▶ [Data]
::::::::
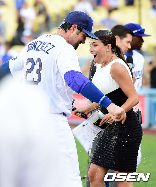 연타석 3점포를 날린 다저스 곤잘레스가 히어로 인터뷰 도중 축하 물세례를 받고 아나운서와 놀라고 있다.
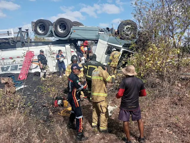 O caminhão tombou no barranco e a cabine ficou completamente destruídaUm grave acidente ocorreu na curva do Rio Pirangi, na BR-343, zona rural de Buriti dos Lopes, no norte do Piauí, na manhã deste sábado (18/10). O caminhoneiro, identificado apenas pelo prenome Yuri Vieira da Silva, 37 anos, ficou preso às ferragens após o tombamento de uma carreta bitrem, de placa SAT2F55, da empresa Logística & Serviços "CearaLong". As informações são do Portal do Rurik.
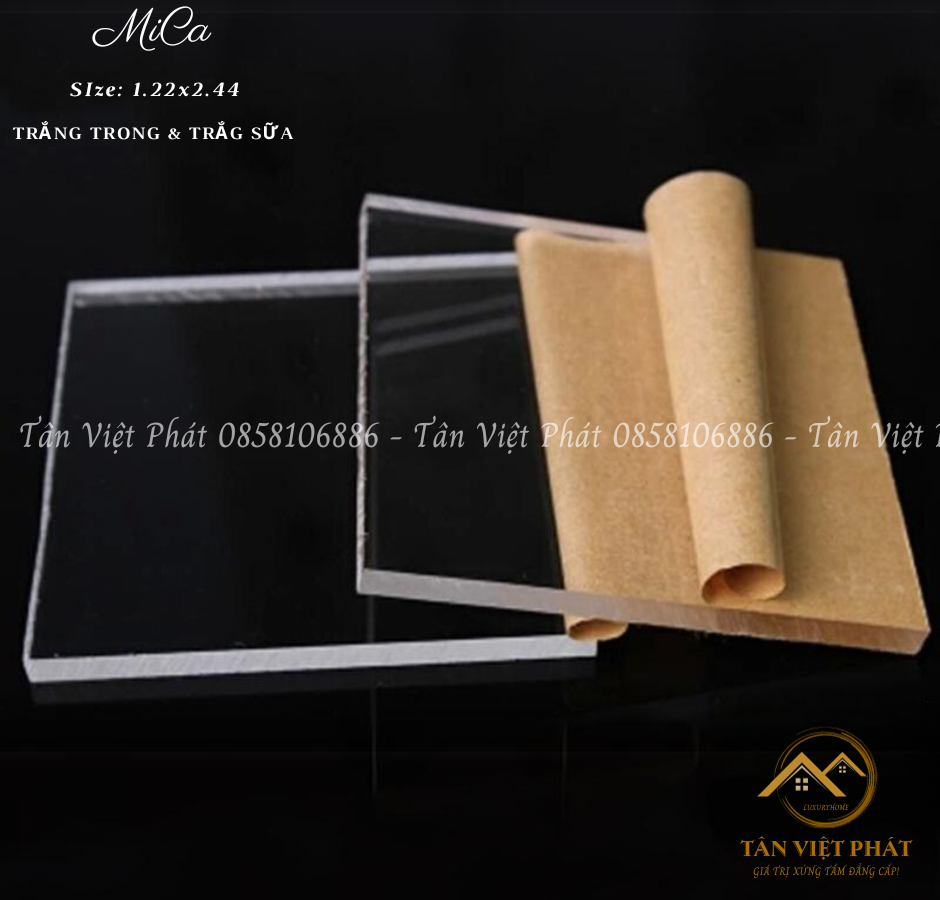 – Kích thước, khổ tấm mica: 1220mm x 2440mm
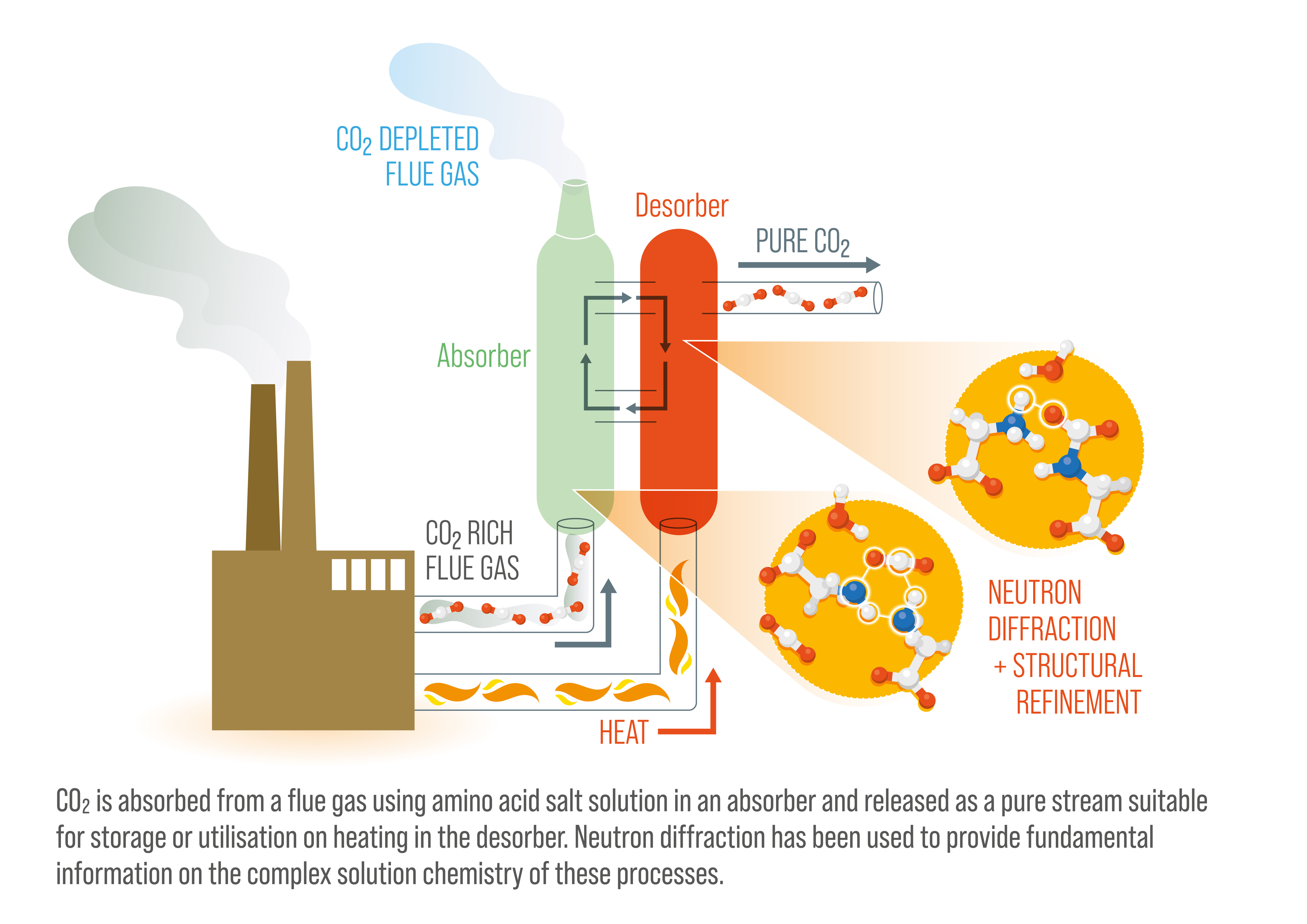 Using the combined neutron diffraction and computational modelling approach gave us atomic level insight into these complex systems, allowing us to probe the occurrence of interactions between molecules required for the various chemical routes which enable CO2 loading and offloading. Briefly, a single hydrogen atom must be lost at the absorbing site on an amino acid molecule, such that it can be replaced by a CO2 molecule. The hydrogen atom must then navigate its way through the solution to find a second amino acid molecule, which will accept the hydrogen. The total process of CO2 capture in these solutions therefore requires two amino acid molecules to absorb a molecule of CO2. The reaction occurs in the reverse direction for the liberation of CO2 to enable the solvent to then be reused in further capture cycles.
::::::::
▶ [Exercise description]
Every line above has to be output exactly; the pictures must be dropped.

▶ [Solution below]
 연타석 3점포를 날린 다저스 곤잘레스가 히어로 인터뷰 도중 축하 물세례를 받고 아나운서와 놀라고 있다.
 O caminhão tombou no barranco e a cabine ficou completamente destruídaUm grave acidente ocorreu na curva do Rio Pirangi, na BR-343, zona rural de Buriti dos Lopes, no norte do Piauí, na manhã deste sábado (18/10). O caminhoneiro, identificado apenas pelo prenome Yuri Vieira da Silva, 37 anos, ficou preso às ferragens após o tombamento de uma carreta bitrem, de placa SAT2F55, da empresa Logística & Serviços "CearaLong". As informações são do Portal do Rurik.
 – Kích thước, khổ tấm mica: 1220mm x 2440mm
 Using the combined neutron diffraction and computational modelling approach gave us atomic level insight into these complex systems, allowing us to probe the occurrence of interactions between molecules required for the various chemical routes which enable CO2 loading and offloading. Briefly, a single hydrogen atom must be lost at the absorbing site on an amino acid molecule, such that it can be replaced by a CO2 molecule. The hydrogen atom must then navigate its way through the solution to find a second amino acid molecule, which will accept the hydrogen. The total process of CO2 capture in these solutions therefore requires two amino acid molecules to absorb a molecule of CO2. The reaction occurs in the reverse direction for the liberation of CO2 to enable the solvent to then be reused in further capture cycles.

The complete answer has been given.